(Supplied records begins)
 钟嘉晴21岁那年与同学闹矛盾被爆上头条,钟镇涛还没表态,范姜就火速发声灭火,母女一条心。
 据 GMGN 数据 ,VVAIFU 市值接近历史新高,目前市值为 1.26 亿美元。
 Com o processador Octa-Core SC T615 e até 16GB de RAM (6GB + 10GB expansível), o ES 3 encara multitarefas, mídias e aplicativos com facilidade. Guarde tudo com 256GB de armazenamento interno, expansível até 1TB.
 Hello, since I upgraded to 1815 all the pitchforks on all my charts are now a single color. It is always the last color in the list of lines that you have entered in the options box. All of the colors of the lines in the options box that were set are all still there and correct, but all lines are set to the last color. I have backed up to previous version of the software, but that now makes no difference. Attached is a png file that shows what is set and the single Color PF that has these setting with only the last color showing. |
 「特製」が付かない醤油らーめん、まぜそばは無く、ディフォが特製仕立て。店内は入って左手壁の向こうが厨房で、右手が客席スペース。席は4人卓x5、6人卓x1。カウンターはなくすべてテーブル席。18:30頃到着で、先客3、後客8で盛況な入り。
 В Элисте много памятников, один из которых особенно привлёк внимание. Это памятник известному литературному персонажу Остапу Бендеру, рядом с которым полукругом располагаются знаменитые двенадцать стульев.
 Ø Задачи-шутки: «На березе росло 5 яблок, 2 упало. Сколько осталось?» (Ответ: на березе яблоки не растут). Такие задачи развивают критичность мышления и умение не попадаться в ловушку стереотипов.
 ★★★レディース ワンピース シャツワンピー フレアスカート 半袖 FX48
(Supplied records ends)
(Supplied records begins)
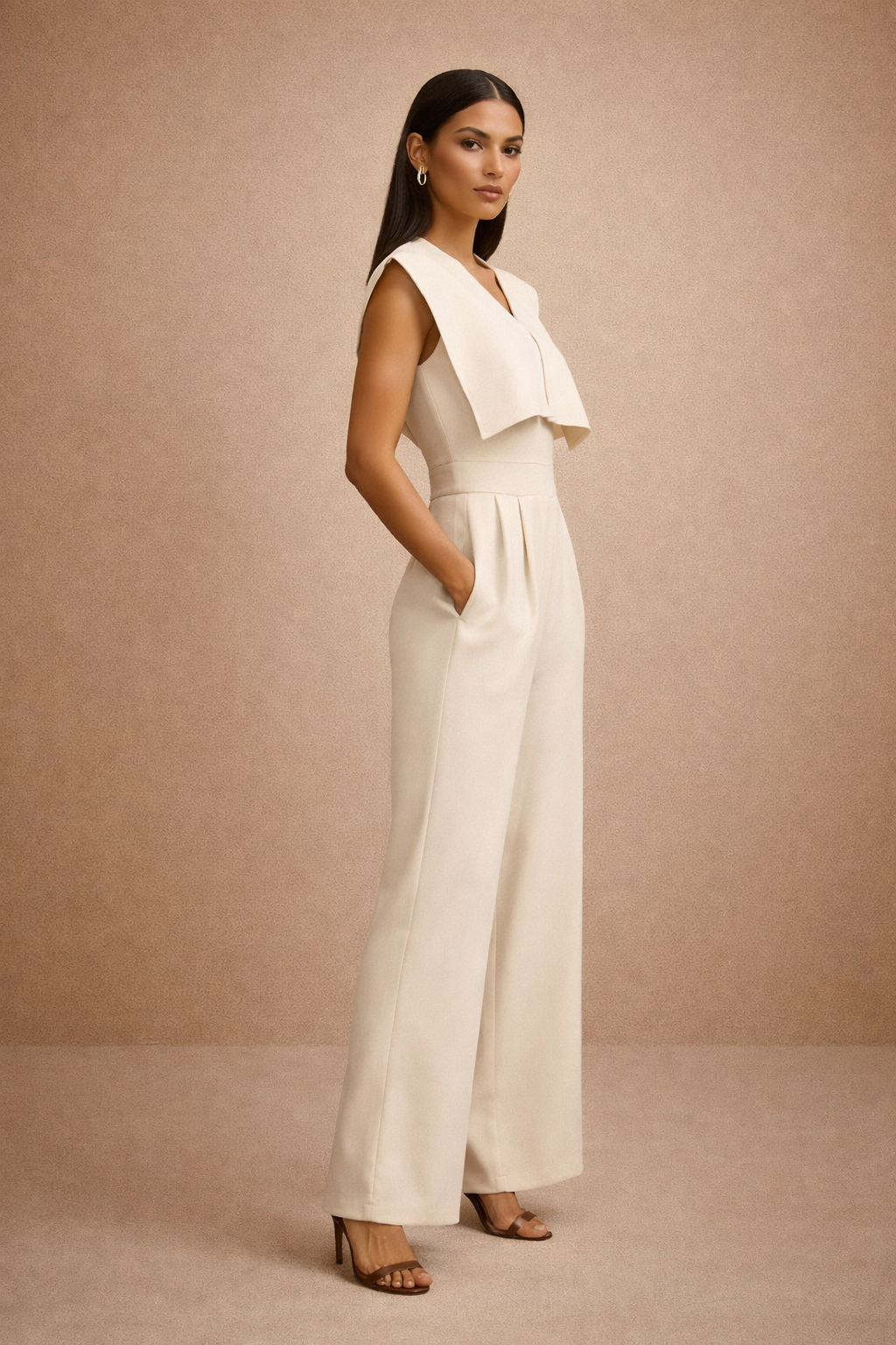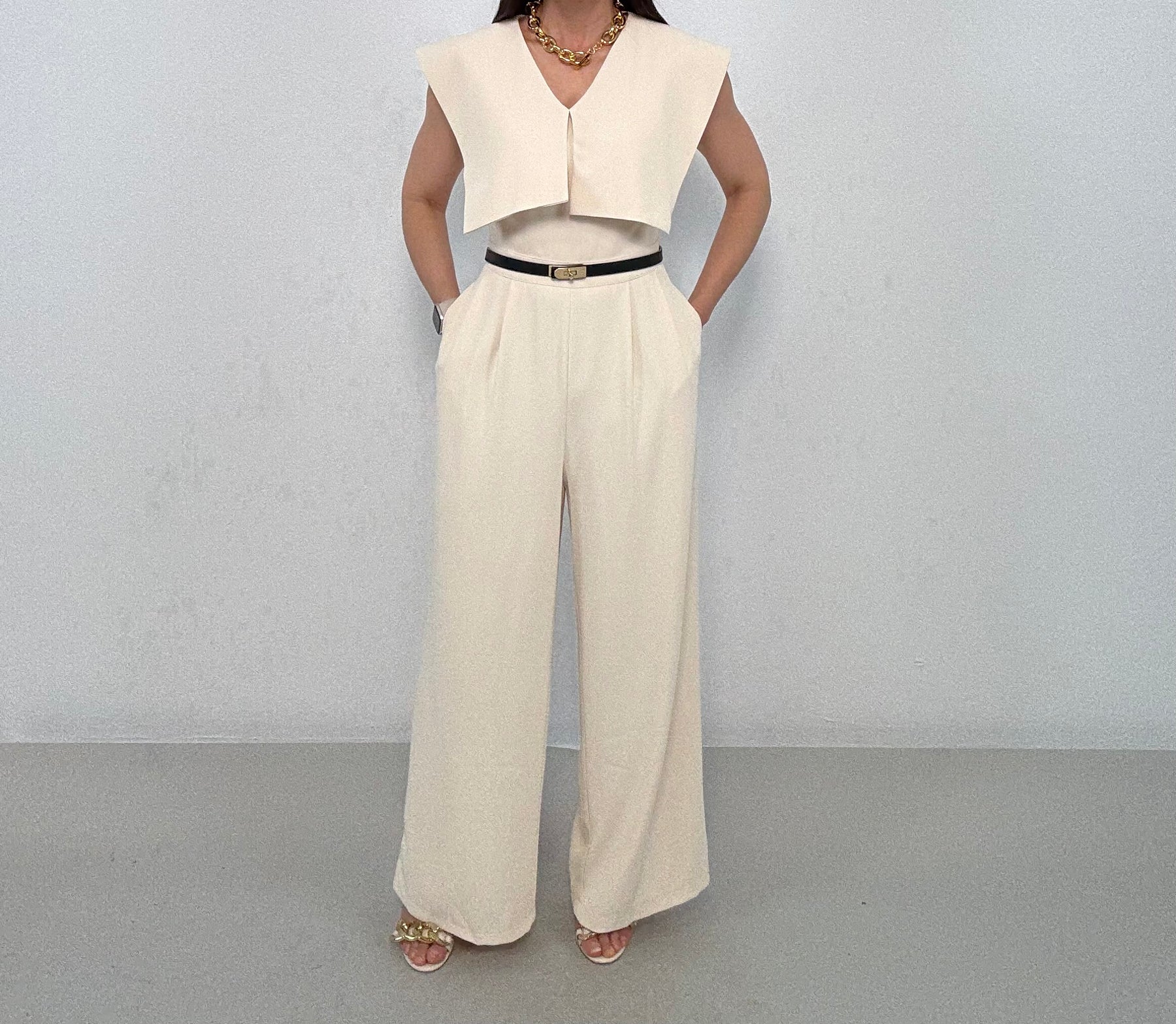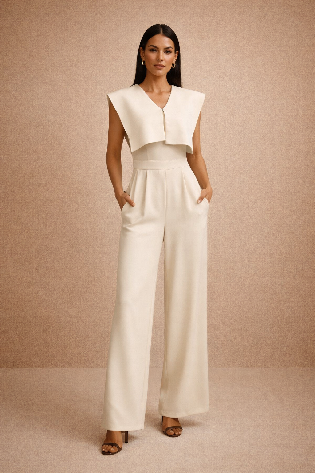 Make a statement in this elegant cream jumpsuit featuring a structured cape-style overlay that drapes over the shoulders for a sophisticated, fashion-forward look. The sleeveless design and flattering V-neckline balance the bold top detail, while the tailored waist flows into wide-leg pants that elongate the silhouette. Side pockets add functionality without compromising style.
(Supplied records ends)
(The task): Reproduce exactly the lines above from the line with "В Элисте много" to the line with "フレアスカート 半袖 FX48", including both, and add nothing.

(Answer for this exercise):
 В Элисте много памятников, один из которых особенно привлёк внимание. Это памятник известному литературному персонажу Остапу Бендеру, рядом с которым полукругом располагаются знаменитые двенадцать стульев.
 Ø Задачи-шутки: «На березе росло 5 яблок, 2 упало. Сколько осталось?» (Ответ: на березе яблоки не растут). Такие задачи развивают критичность мышления и умение не попадаться в ловушку стереотипов.
 ★★★レディース ワンピース シャツワンピー フレアスカート 半袖 FX48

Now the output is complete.